CP Active Site Peptide Mass [M+H]+ (Da) Protein Number identified spectra from MS3 detection Number identified spectra from SVM detection
FFDLGGHSppant+57LLAVQLMSR 2288.0973 BG11243∣DhbF: involved in 2,3-dihydroxybenzoate biosynthesis 23 29
FFDLGGHSppant+57LLAVQLM 2044.9641
FFDLGGHSppant+57LLAVQL 1913.9237

IGIEDSFFELGGDSppant+57IK 2123.9612 BG10972∣PpsC: plipastatin synthetase 2 3

KQIGIHDDFFALGGHSppant+57LK 2380.1525 BG10170∣SrfAC: surfactin synthetase / competence 13 15
QIGIHDDFFALGGHSppant+57LK 2252.0575

QVLGVNTISIDDDFFAIGGHSppant+57LR 2871.3752 BG11962∣PpsE: plipastatin synthetase 5 6
TISIDDDFFAIGGHSppant+57LR 2261.0314

Fraction of Identified Spectra 43/172 53/386

The 43 spectra represent the highest confidence annotations and also have the highest delta scores (see Fig. S4). For example, in B. subtilis the UniProtKB database shows 18 NRPS and PKS enzymes containing a total of 43 annotated PPant binding sites in which exact PPant modified serine residues have been predicted by protein sequence homology or MS phosphoproteomic studies.13, 24 An additional 35 candidate spectra passed the delta score cut-off potentially corresponding to novel active sites uncharacterized in B. Subtilis. Of these, 20 map to proteins with unknown function. The remaining 15 spectra map to known proteins which include FabD and other proteins not previously known to have a PPant binding site.

Interestingly, 12 of the 172 spectra selected for MS3 analysis had corresponding MS2 spectra that were annotated with high significance by InsPecT (non-PPant mode) as peptides with no PPant modification (Table S1.1). InsPecT:PPant annotated 4 of these spectra as PPant peptide sequences with delta scores passing the 1% p-value criteria (but not containing a known CP domain). From manual inspection of the MS2 spectra, the InsPecT annotated peptides explain numerous high intensity peaks, except for the characteristic PPant peaks such as those represented in Figure 2. These spectra possibly represent composite/mixture spectra generated by concurrent fragmentation of biologically distinct and unrelated precursor ions due to the following reasons: a) one fragment (m/z 318) in the MS2 spectra was MS3 verified as pantetheine, b) InsPecT identified the MS2 spectrum to be a single peptide with a high score, and c) removing InsPecT identified peaks, the remaining ion peaks appear to be highly similar to the MS2 fragmentation signature expected from a PPant peptide (see Fig. S5).

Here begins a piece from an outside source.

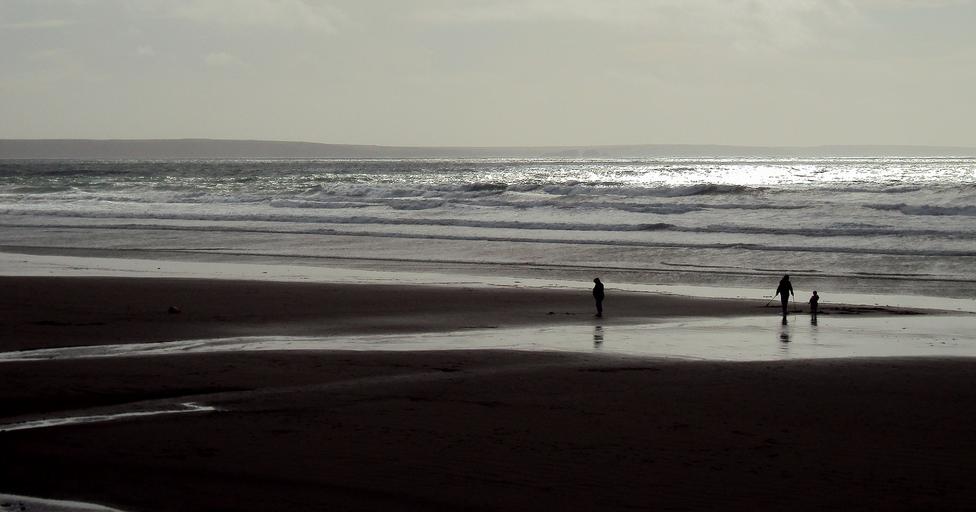Keywords: people ocean shore beach silhouettes shadows sand landscape seascape cloudy overcast standing clouds waves sea water reflection lonely

Typically, MS2 datasets from ion-traps report only a 10-20 percent identification rate.28 By contrast, we confirmed at least 43 of 172 spectra detected by MS3 fragmentation. This suggests a strong enrichment for Ppant spectra. The robustness of the InsPecT:PPant is further evidenced by its identification of several non-tryptic DhbF peptides (Table 1), which are misidentified or go completely unmatched using alternative search algorithms, such as InsPecT and OMMSA27 with comparable PPant modification parameters (data not shown). In addition to its utility in identifying PPant peptides detected by MS3 fragmentation, this strategy proved equally compatible in the identification of CP active sites detected by our machine learning approach (vide infra).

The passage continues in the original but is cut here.